Write again exactly the lines in the listing below, starting at the line with "Толстовка женская из" and ending at the line with "XVIII Петербургский Международный", both included. Pictures are not copied.

--- Dataset entries ---
--- START ---

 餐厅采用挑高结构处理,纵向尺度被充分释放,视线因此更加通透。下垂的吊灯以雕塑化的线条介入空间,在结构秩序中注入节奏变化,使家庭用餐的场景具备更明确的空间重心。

--- END ---
--- START ---

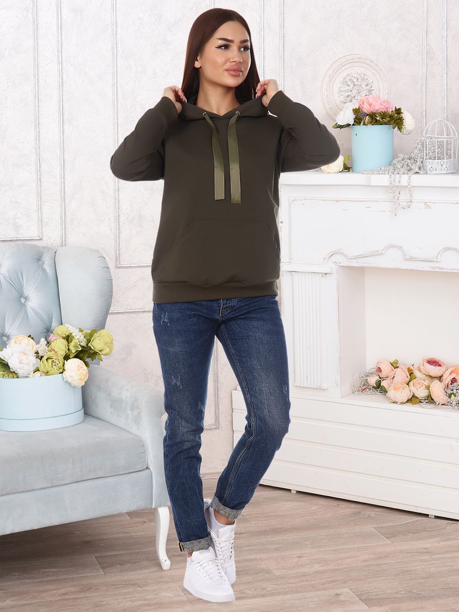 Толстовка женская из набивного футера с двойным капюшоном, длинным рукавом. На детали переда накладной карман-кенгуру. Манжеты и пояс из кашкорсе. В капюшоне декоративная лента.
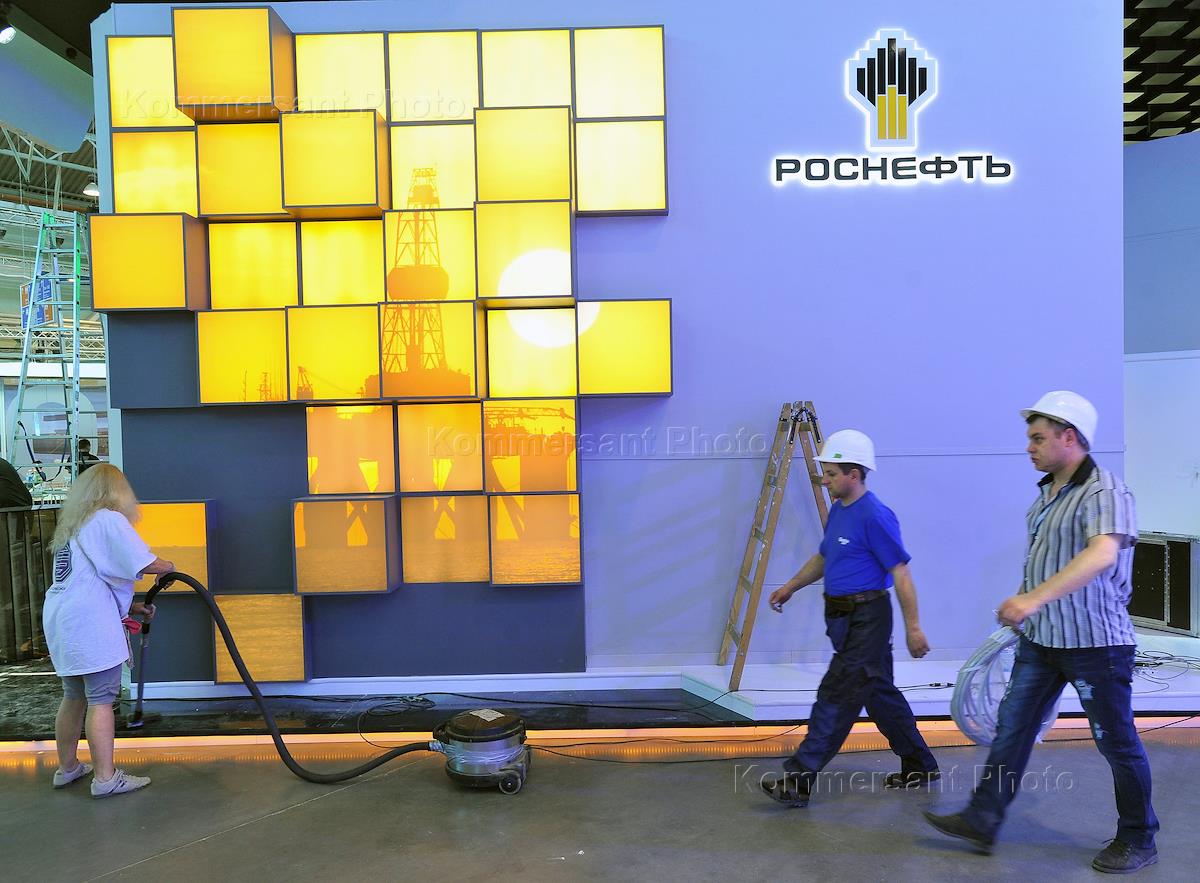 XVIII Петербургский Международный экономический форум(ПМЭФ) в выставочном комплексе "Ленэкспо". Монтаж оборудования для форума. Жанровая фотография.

--- END ---

--- Exercise result ---
 Толстовка женская из набивного футера с двойным капюшоном, длинным рукавом. На детали переда накладной карман-кенгуру. Манжеты и пояс из кашкорсе. В капюшоне декоративная лента.
 XVIII Петербургский Международный экономический форум(ПМЭФ) в выставочном комплексе "Ленэкспо". Монтаж оборудования для форума. Жанровая фотография.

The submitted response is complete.